The country is now veering dangerously towards a combined political and economic crisis. The IMF talks have hit an impasse over the untargeted subsidies on power and fuel announced by the Prime Minister only four days before the 7th review of the ongoing facility was to begin has cast a pall of uncertainty over the entire program. The talks for the 7th review were scheduled to end on Friday, March 11. But that date came and went without an announcement, and the next day reports emerged that the talks have hit an impasse and both sides have agreed to keep talking on Monday. And the same reports said that both sides were far from agreeing on a resolution, with the Fund refusing to continue with the subsidies and the amnesty scheme and the government refusing to withdraw these.
If the talks drag on inconclusively this will become the second time the government has given commitments only to backtrack on them within weeks. The 6th review had ended almost exactly one year ago, with the government committing to withdraw the Covid stimulus and pass key legislation, only to withdraw from the commitments as soon as the funds were released by the IMF. Those talks then dragged on for more than 10 months, with the government announcing a new date for the resumption of the program every few weeks, until February when accession was finally obtained. But the commitments the government had entered into specifically said no more amnesty schemes, no more untargeted subsidies, limiting recourse to State Bank intervention for exchange rate support, and aiming for a small primary balance surplus by the end of the fiscal year.
Today almost all these commitments, given only weeks ago, are in doubt and the fund seems to be near the end of its patience. Another inconclusive round of talks that drags on for an extended period of time will not be taken well by the market, or by the country’s creditors. And the impact of this will inevitably land on the exchange rate, potentially fueling another round of exchange rate depreciation which in turn will fuel another round of inflation. The inflationary fire the government is trying to put out with untargeted subsidies was ignited by its zeal to kickstart growth using massive fiscal and monetary stimulus right after the Covid lockdowns were lifted.

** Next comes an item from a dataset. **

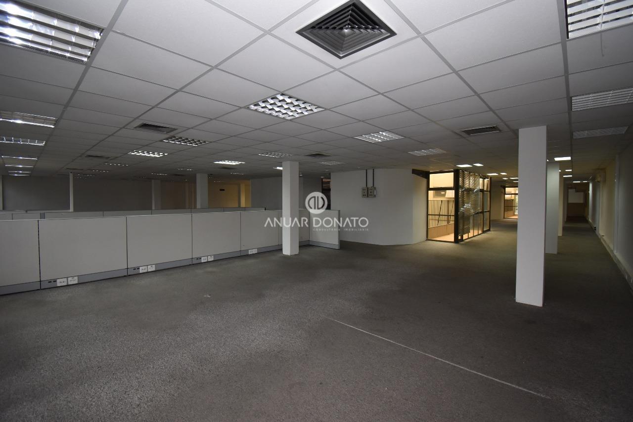 1º pavimento: piso em carpete, 12 vagas de garagem na frente, recepção, entrada separada para clientes e funcionários, espaço amplo com banheiros, sala para servidor e jardim de inverno.

The fire was aggravated by a global price surge that followed. Today they are trying to stamp out this inflationary fire with tools that will only aggravate the problem rather than mitigate it. This is a self-defeating cycle that not only goes against the commitments given by the government to the fund but also undermines the very macroeconomic stability that is touted as its signature success in the second year of its rule. If continued, this cycle eventually carries the country towards a balance of payments crisis amidst spiraling inflation, a deadly cocktail that will require an even more tough adjustment to bring under control.

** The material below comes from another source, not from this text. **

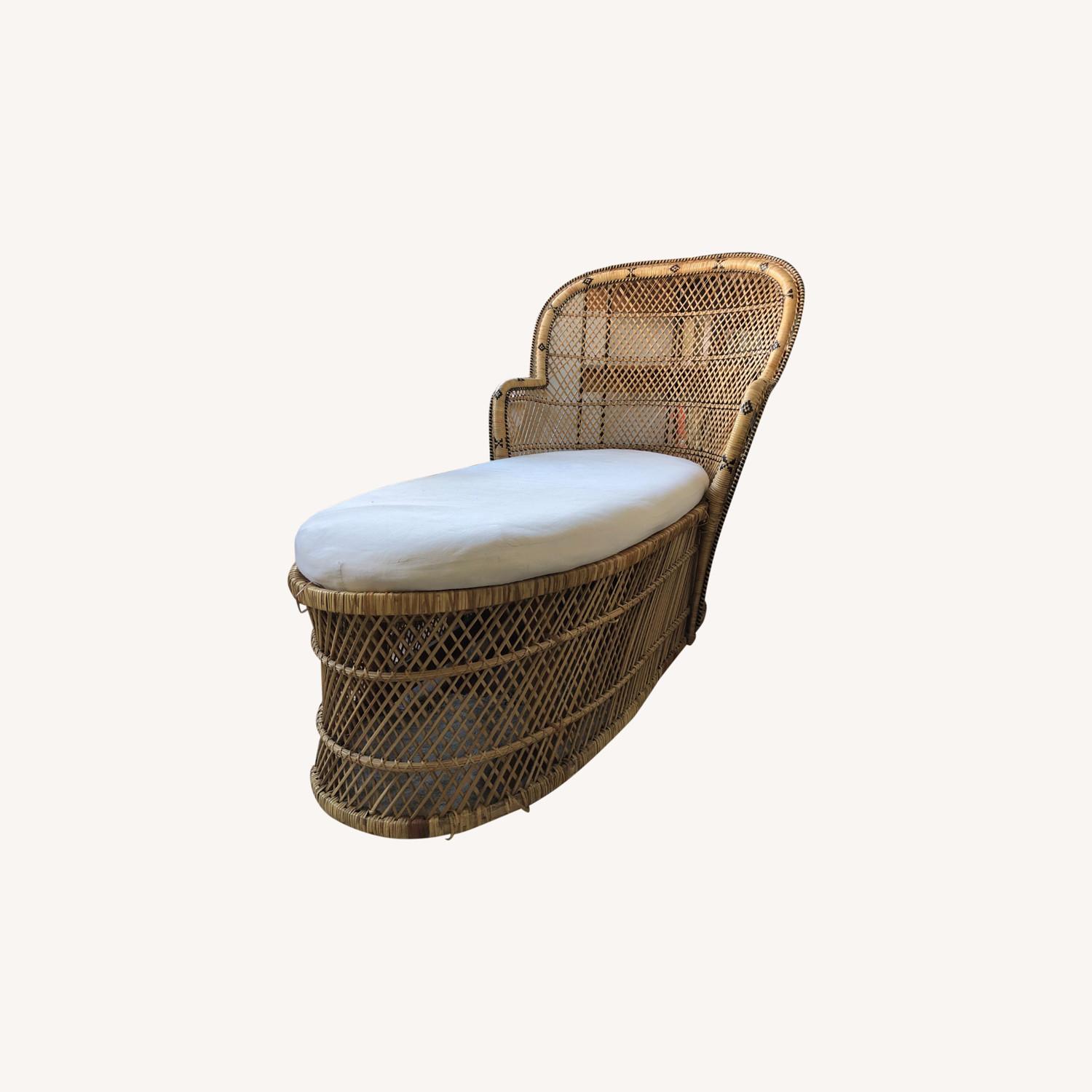 Seller's Notes:I purchased this chair from a boutique shop and loved it for a couple of years. I recently moved into a new apartment that sadly doesn't have a good spot for it anymore. It has beautiful detailing. There are a few spots where the wicker is starting to unravel, but a few of these were there when I bought it as well. There's a very light stain on the cushion, but it's hardly noticeable. The chair is still very sturdy, cozy, and makes for a great stylish reading nook! Comes with custom cushion and real sheepskin throw.

What is worrying, and what gives the moment the feel of an impending crisis, is the paralysis that has set in on the political scene at the same time. An embattled and embittered Imran Khan is now increasingly bearing the look of a weak and desperate man, flailing with all high might to hold on to power. He is lashing out at his political foes in language and political moves that smack of desperation. Meanwhile, he is running with a very dangerous line in telling the country that his political difficulties have been engineered by western governments to “perpetuate the country’s slavery”.
These words are particularly damaging given the deep trade and economic ties Pakistan has with the countries of the western world, but coming after a period when those capitals are already deeply unhappy with Pakistan’s response to the Russian invasion of Ukraine, they are making a bad situation worse. In the days to come, as the opposition’s challenge in the form of the no-confidence motion draws near, his frenzied state of mind is likely to aggravate and the pressure on him to do whatever he can to hold on to his supporters will grow. In short, he is in no mood or state of mind to hear anything about difficult decisions to stabilize a wavering economy, let alone take the decisions necessary to arrest the slide towards crisis.
These twin developments – economic deterioration and political paralysis – can now drive the country towards a serious crisis. To avert this outcome, it would be better for the government to hasten the summoning of the assembly so that the no-confidence can be decided quicker rather than dragging the situation out. Protracted wrangling around the issue will only raise the political temperature and pave the way for the economy to deteriorate further.